### [Task statement]
Locate, in the data below, the line that contains "吸(吸)可以从喷嘴的尖端用空" and the line that contains "Студия, 23.1 м², 13/23 этаж"; reproduce exactly those two lines and every line between them, nothing more.

### [Source data]
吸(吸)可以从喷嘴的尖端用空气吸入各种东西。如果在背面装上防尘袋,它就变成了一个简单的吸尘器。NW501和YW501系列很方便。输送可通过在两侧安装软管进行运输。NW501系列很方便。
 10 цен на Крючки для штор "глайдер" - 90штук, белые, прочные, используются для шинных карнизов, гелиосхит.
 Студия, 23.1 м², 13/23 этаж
==
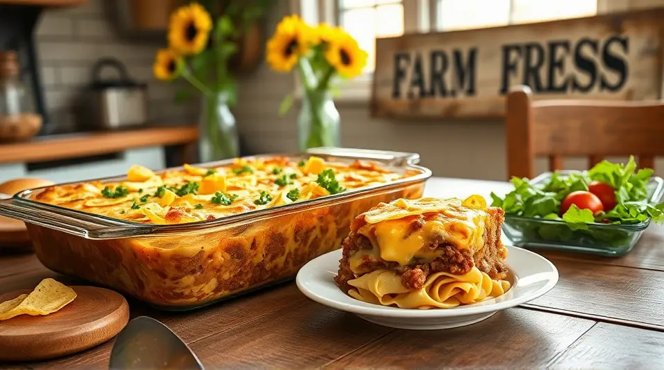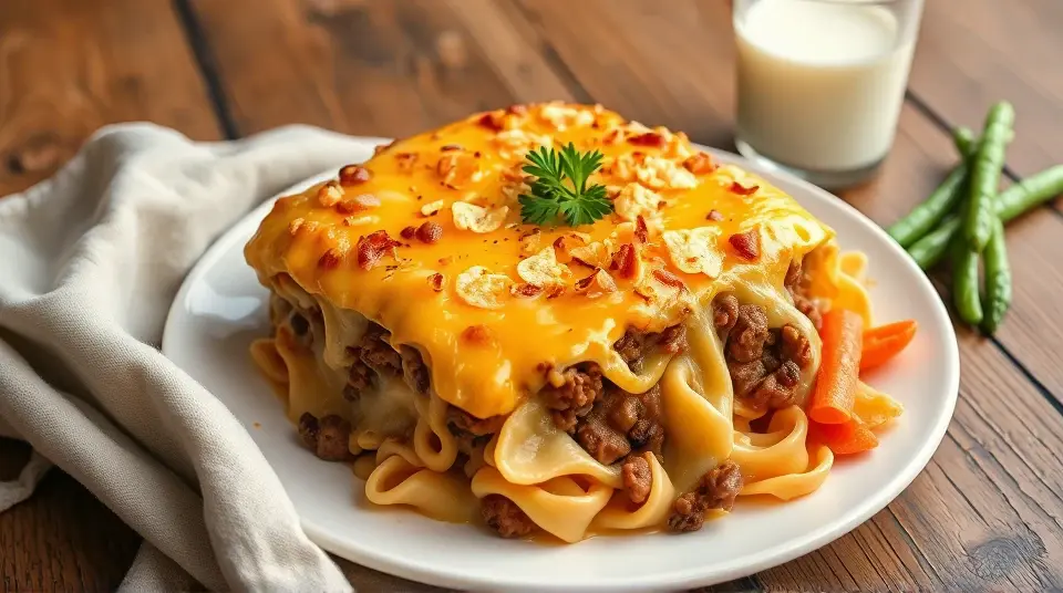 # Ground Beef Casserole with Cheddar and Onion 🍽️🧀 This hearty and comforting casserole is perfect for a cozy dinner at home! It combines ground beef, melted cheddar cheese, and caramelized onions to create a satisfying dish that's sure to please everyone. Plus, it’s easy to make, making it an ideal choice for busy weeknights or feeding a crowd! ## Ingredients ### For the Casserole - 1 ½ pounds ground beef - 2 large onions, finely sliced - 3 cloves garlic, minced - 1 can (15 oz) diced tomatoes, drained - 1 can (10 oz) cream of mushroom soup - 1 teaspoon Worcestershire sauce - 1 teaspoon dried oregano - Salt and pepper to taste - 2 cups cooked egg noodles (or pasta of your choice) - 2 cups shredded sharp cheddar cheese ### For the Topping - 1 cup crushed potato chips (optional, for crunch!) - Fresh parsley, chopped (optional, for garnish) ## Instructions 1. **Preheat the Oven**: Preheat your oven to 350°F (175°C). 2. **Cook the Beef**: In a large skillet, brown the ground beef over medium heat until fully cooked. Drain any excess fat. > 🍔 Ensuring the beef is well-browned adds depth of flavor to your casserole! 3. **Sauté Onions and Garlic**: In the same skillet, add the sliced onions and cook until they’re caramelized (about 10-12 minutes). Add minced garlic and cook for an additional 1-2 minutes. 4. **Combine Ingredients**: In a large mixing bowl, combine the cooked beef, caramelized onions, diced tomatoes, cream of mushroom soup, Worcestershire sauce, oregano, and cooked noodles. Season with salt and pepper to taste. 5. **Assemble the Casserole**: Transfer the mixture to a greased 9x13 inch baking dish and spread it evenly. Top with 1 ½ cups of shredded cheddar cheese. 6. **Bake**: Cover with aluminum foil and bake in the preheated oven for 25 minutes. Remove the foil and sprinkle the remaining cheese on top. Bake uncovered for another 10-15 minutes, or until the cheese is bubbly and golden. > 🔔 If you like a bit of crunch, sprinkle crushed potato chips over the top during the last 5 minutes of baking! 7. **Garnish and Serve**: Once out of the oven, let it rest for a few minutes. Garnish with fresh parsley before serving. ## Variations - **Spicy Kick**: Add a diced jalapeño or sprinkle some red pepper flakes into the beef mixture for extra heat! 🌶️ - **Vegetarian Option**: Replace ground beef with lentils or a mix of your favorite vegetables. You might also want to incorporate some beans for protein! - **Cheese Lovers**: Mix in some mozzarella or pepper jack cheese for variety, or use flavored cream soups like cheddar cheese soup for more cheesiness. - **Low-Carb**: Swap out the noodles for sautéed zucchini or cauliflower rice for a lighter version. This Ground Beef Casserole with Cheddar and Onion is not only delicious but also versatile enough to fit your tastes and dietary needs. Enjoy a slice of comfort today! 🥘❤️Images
---
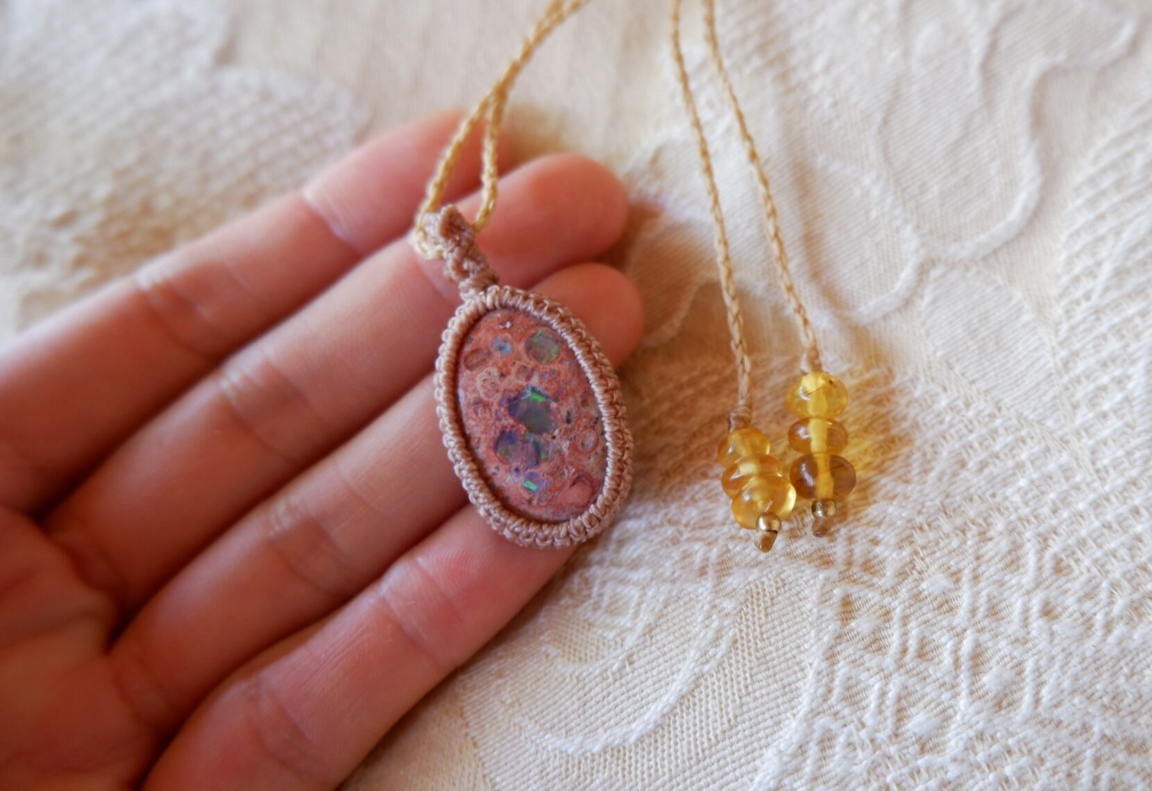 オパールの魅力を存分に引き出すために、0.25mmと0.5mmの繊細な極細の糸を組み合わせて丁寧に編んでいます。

### [Answer area]
吸(吸)可以从喷嘴的尖端用空气吸入各种东西。如果在背面装上防尘袋,它就变成了一个简单的吸尘器。NW501和YW501系列很方便。输送可通过在两侧安装软管进行运输。NW501系列很方便。
 10 цен на Крючки для штор "глайдер" - 90штук, белые, прочные, используются для шинных карнизов, гелиосхит.
 Студия, 23.1 м², 13/23 этаж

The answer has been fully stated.